Petroutsa v. H. C. Schrader Co.

80 So. 486, 76 Fla. 574, 1918 Fla. LEXIS 370
CourtSupreme Court of Florida
DecidedDecember 21, 1918
StatusPublished
Cited by10 cases

This text of 80 So. 486 (Petroutsa v. H. C. Schrader Co.) is published on Counsel Stack Legal Research, covering Supreme Court of Florida primary law. Counsel Stack provides free access to over 12 million legal documents including statutes, case law, regulations, and constitutions.

Bluebook
Petroutsa v. H. C. Schrader Co., 80 So. 486, 76 Fla. 574, 1918 Fla. LEXIS 370 (Fla. 1918).

Opinion

Ellis, J.

H. C. Schrader Company, a corporation, hereinafter called the plaintiff, brought an action in the Circuit Court for Manatee County against D. Petroutsa, who will be referred to as the defendant in this opinion, upon eight promissory notes aggregating the sume of seventeen hundred dollars and ranging in dates from August 27, 1914, to May 13,1915. The notes dater August, September and October were payable five months after date, those dated November, December, January, March and May were payable on demand. All the notes bore interest at the rate of eight per cent per annum from date. Those payable five months after date aggregated the sum of seven hundred dollars, and those payable on demand one thousand dollars.

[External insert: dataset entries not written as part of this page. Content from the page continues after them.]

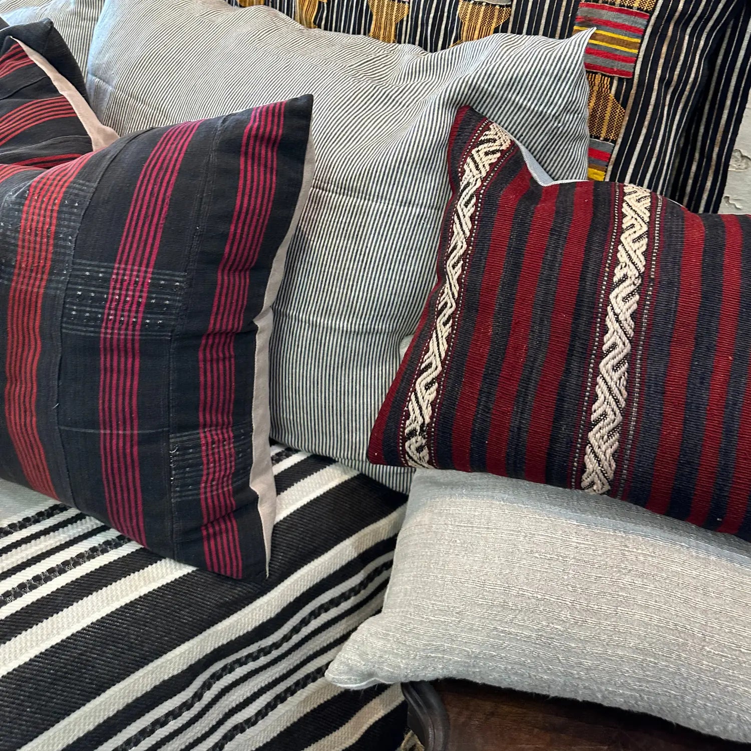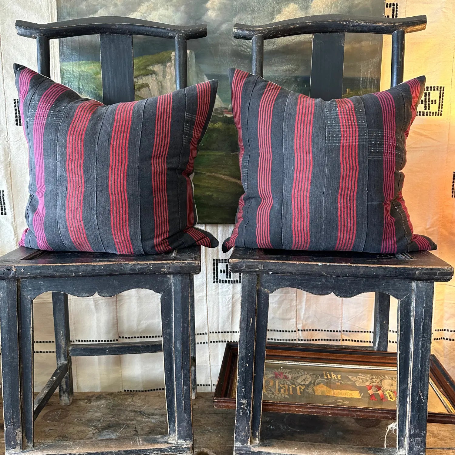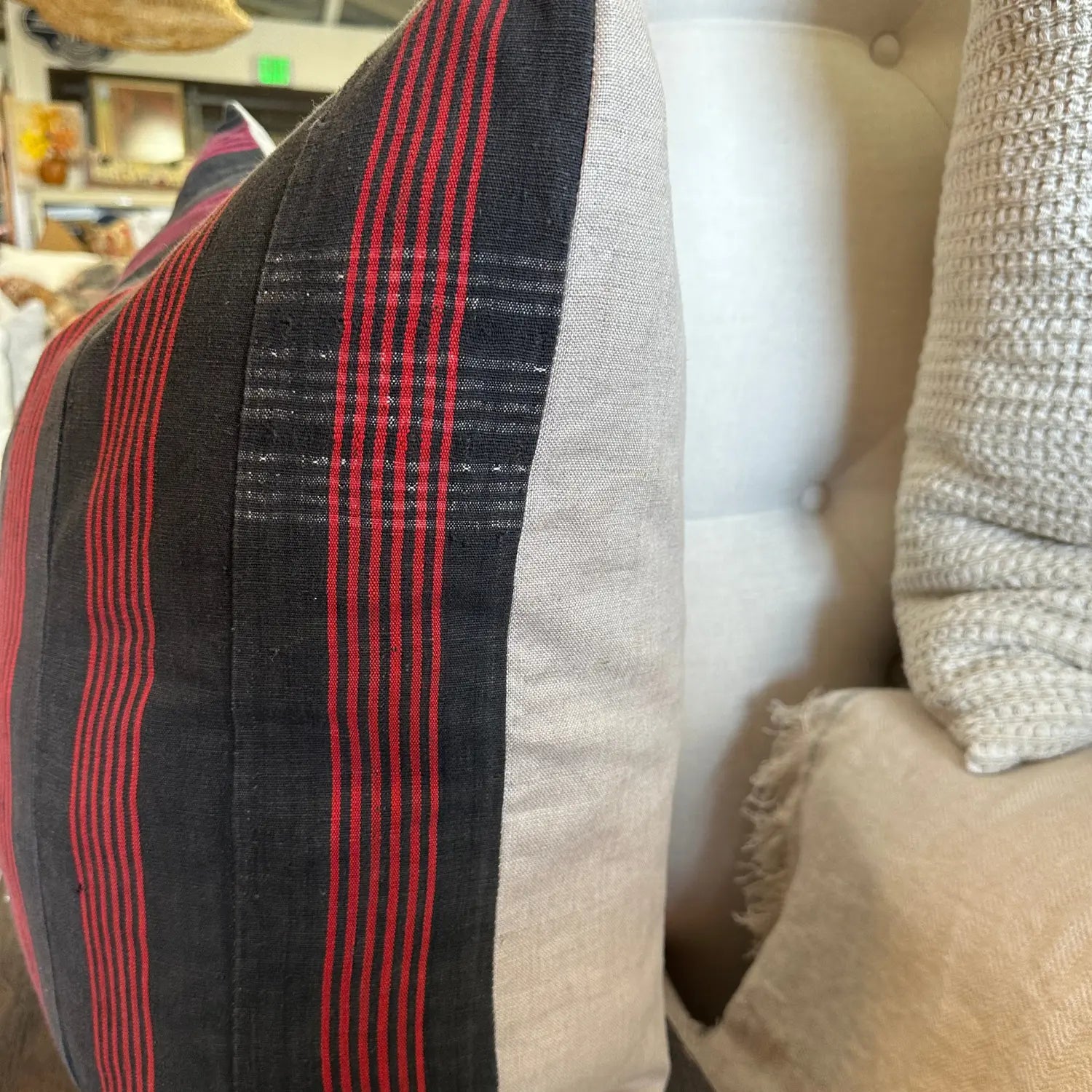 Vintage red & black striped with white dot hand blocked details. Each pillow has a slight variation. The backing is linen in a natural flax color. We recommend these be sold together and shown as a pair.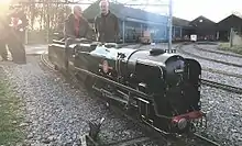 A dual gauge 10 1⁄4 in (260 mm) / 7 1⁄4 in (184 mm) light railway was established in the park in 1992, originally as a temporary layout.[3] A more permanent track was laid down in 1993, as the railway company was granted a three-year lease.[3] Five years later, a longer lease was negotiated and construction began on the two stations, Eastleigh Parkway and Monks Brook.[3] They were opened in 1999, although further work on the layout itself was carried out in 2000.[3] A tunnel was added in 2003, and Eastleigh Parkway station was extended in 2005 with the addition of a café and shop.[3]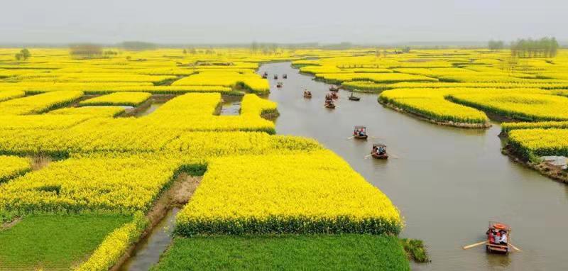 早上我们前往“中国最美的油菜花海”──【千岛菜花风景区】,千岛菜花景区被称作“中国最美的水上油菜花”三月至四月便是此最美的季节,座落在河网纵横的缸顾乡,一条条的小河又分支出一条条的小沟,南北东西延伸开去,把一整块的田分列割成了千百个“小岛”,这种“小岛”兴化人把它称作“垛”。垛子只比水面高出一点点,整齐划一地排着,就像是列队检阅的方阵,气势恢宏,波澜壮阔,登上20多米高的观光瞭望台,极目远眺,满眼尽是金黄色的菜花,形成一道独特的自然风景,身临其境,心旷神怡;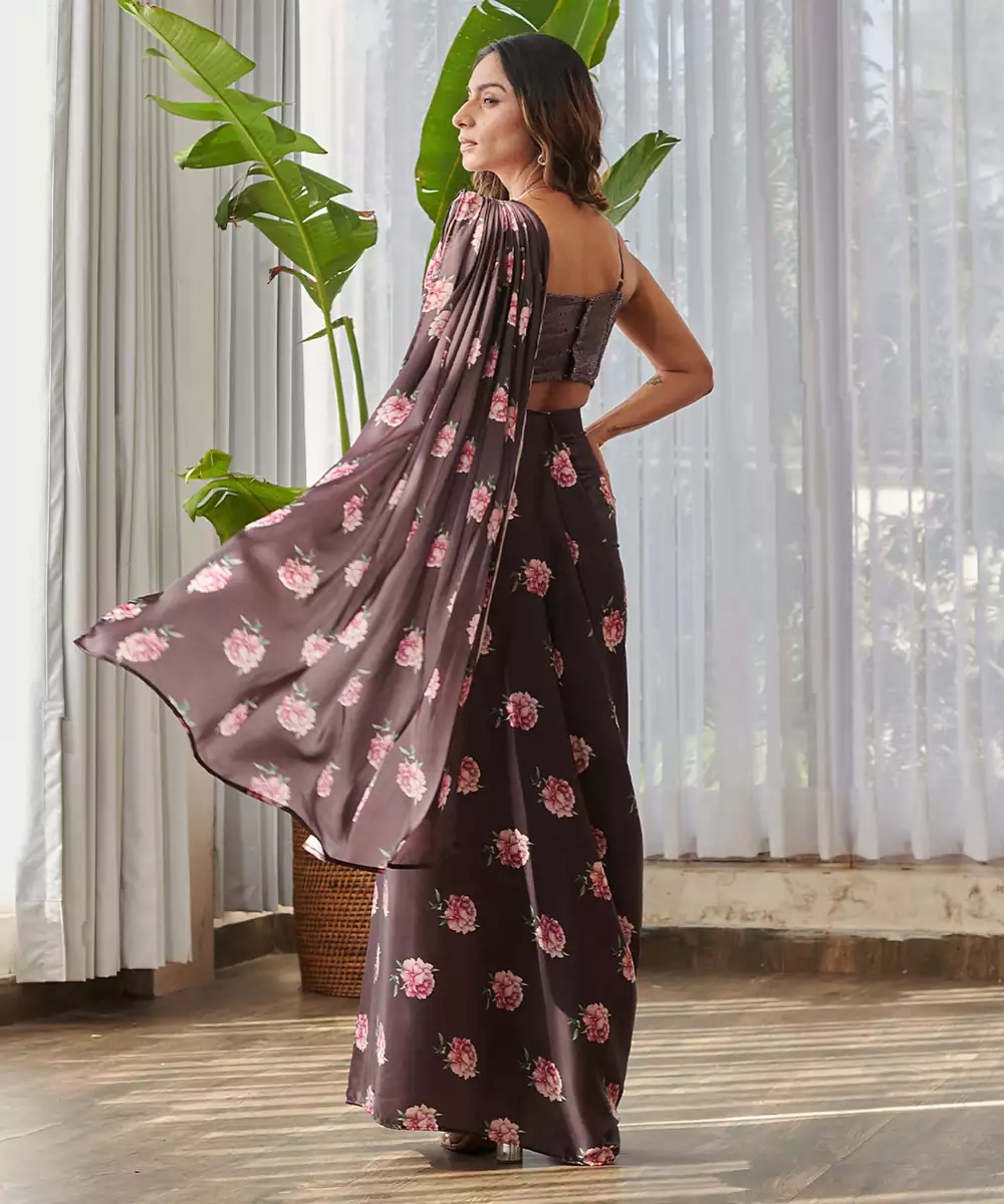 Dark Brown Printed Swiss Satin Saree Set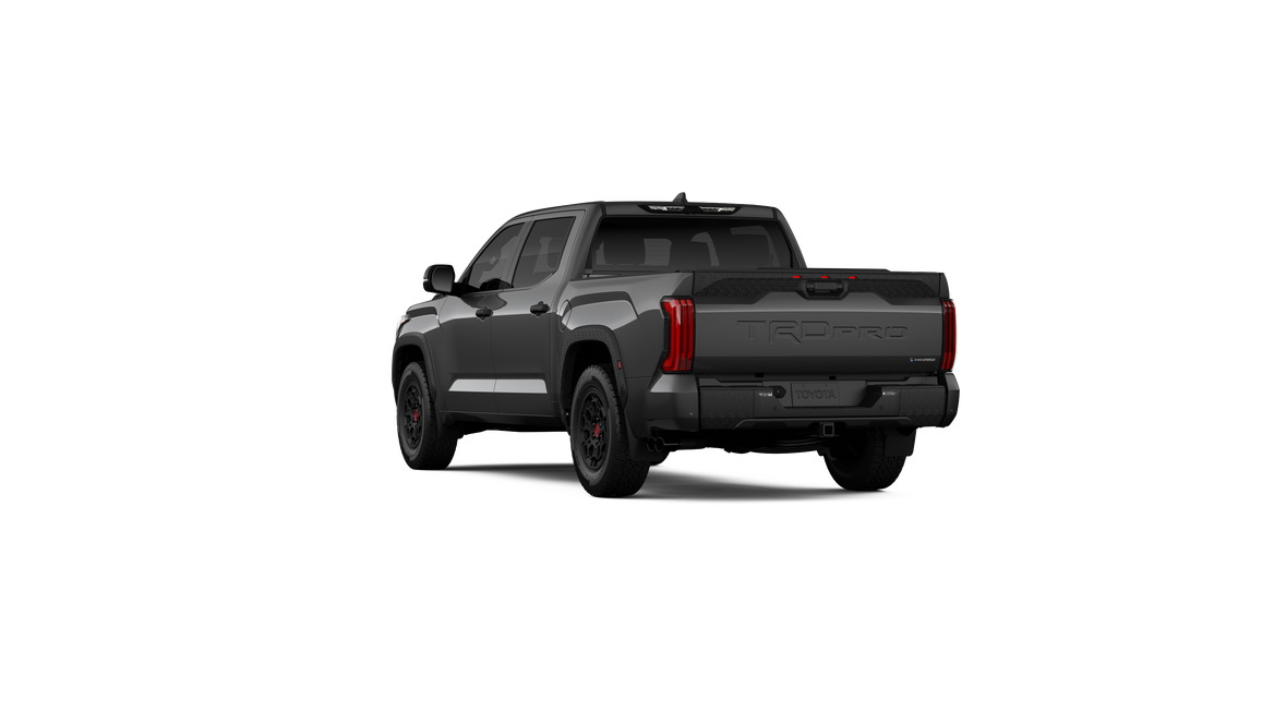 - "TRD PRO" hood badge; black door handles; black window molding and mirror caps; black technical-camo-grained tailgate spoiler and overfenders with marker lights

The defendant pleaded payment. There was a verdict and judgment for the plaintiff, and the defendant seeks here to reverse the judgment upon writ of error.

There are many assignments of error, seventy-seven in number, involving rulings of the Court upon the admission and rejection of evidence and the giving and refusing of instructions to the jury.

The single question presented by the record as we read it is one of the application of payments.

The evidence consists mainly of documentary evidence composed of the eight promissory notes, a statement of an open account between the plaintiff and defendant, on account sales of celery sold by the plaintiff for the account of defendant, and some correspondence between the plaintiff and brokers or commission merchants to whom the celery was shipped by plaintiff after taking it over from the defendant. The defendant was a truck farmer to whom the plaintiff made certain advances to enable him to mature and harvest a crop of celery.

[576]*576Their transactions began so far as the record discloses with a written contract dated August 27, 1914, and closed according to a statement of account by plaintiff on March 3, 1916, when the defendant was credited with a freight overcharge amounting to four dollars and forty cents. The item next appearing upon the account and preceding the last, was a credit to the- defendant of fifteen dollars and seventy-five cents, and dated September 17, 1915; the items next preceding were in April, 1915. So it may be said that the account was practically closed April 30, 1915, when the defendant was credited with returns upon a car of -celery in the sum of fifty dollars.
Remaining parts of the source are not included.